Singapore’s Monetary Authority has initiated a joint project to harness the use of AI and machine learning (ML) techniques to fight financial crime and enhance scam detection capabilities.
MAS said in a press release the proof-of-value (POV) will involve partners in the banking industry, the Government Technology Agency of Singapore, and the Singapore Police Force.
At the heart of the project is a plan to bring together data from five participating banks and store it in a secure environment. The data pool will then be used by experts to develop AI and ML models that can help identify higher-risk transactions and accounts.
“Prompt identification could enable timely assessment, intervention and reduction of customer losses to scams,” MAS said in the press release, adding that the project will help build more robust and accurate AI/ML learning models.

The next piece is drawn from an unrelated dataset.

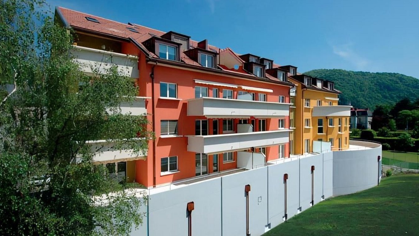 L’habitat en ville suscite un regain d’intérêt, lorsqu’il offre la proximité des services, des transports, des loisirs et des commerces, associée à la qualité de vie d’un environnement privilégié (verdure, montagnes). Le bâtiment de 16'500 m3 SIA compose un programme de 20 logements, allant du 3 pièces au triplex de 5 pièces, répartis sur 5 niveaux. Afin d’apporter une touche de vie supplémentaire au quartier, le rez-de-chaussée accueille un magasin d’alimentation générale et une croissanterie tea-room. Deux niveaux souterrains complètent le programme en abritant, outre les locaux techniques et de services, un parking pour 43 véhicules et un abri PC de 81 places. Amorcé en 1989, à la suite d’un plan partiel d’affectation, le projet a patienté près de 14 ans, entre oppositions et conjoncture, avant d’aboutir, début 2003, au permis de construire. Des travaux spéciaux d’ancrages se sont avérés nécessaires pour assurer la stabilité de l’ouvrage.

MAS has already provided industry partners with a secure data-sharing environment for the project. The system is governed by policies and protocols to safeguard customer information. This will ensure that all data used in the project is protected and used responsibly, the regulator said.
Data protection will also be supported by the use of cryptographic techniques. All bank account numbers used in the project will be hashed (a one-way algorithmic process which substitutes input data with a unique set of generated values). This will ensure that only the contributing bank can identify actual account numbers.
“Data access will be restricted to authorised personnel within a controlled setting that will be continuously monitored throughout the POV.”
Industrywide collaboration
MAS says it will assess the findings and the project and, depending on its effectiveness, it could expand the scope and sophistication of AI/ML models used. The regulator said the project will help establish industrywide collaboration to fight financial crime by using AI and ML.
Future expansion could also involve incorporating broader datasets, and a wider set of use cases across the financial sector in order to strengthen defenses against criminal activity.
The initiative is the latest in a series of efforts by MAS to enable and encourage AI adoption across the financial sector. In March this year, the watchdog announced the publication of an Artificial Intelligence (AI) Risk Management Toolkit for the region’s financial services sector.
The toolkit is developed through joint collaboration between 24 leading banks, insurance companies, capital market firms, and other industry partners, and confirms the completion of Phase 2 of Project MindForge, an initiative launched by the regulator in 2023 aimed at supporting organizations deploying AI technologies in their services and operations.
MAS said at the time the toolkit “provides financial institutions with resources for managing AI-related risks across traditional AI, generative AI, and emerging agentic AI technologies.”
And in November last year, the regulator launched a consultation paper on proposed guidelines for AI risk management within the financial sector. It said at the time the guidelines will apply to all financial institutions.
MAS’s announcement comes at a time of increased scrutiny and unease around the use of advanced AI models in the financial and other sectors. Regulators in the UK, Australia, and other jurisdictions have raised concerns about cybersecurity risks posed by frontier AI models such as Anthropic’s Claude Mythos.
Last week, senior IMF officials singled out Mythos in a blog post and warned that such advanced AI models could destabilize the financial system if not dealt with carefully, or if they fall into the wrong hands.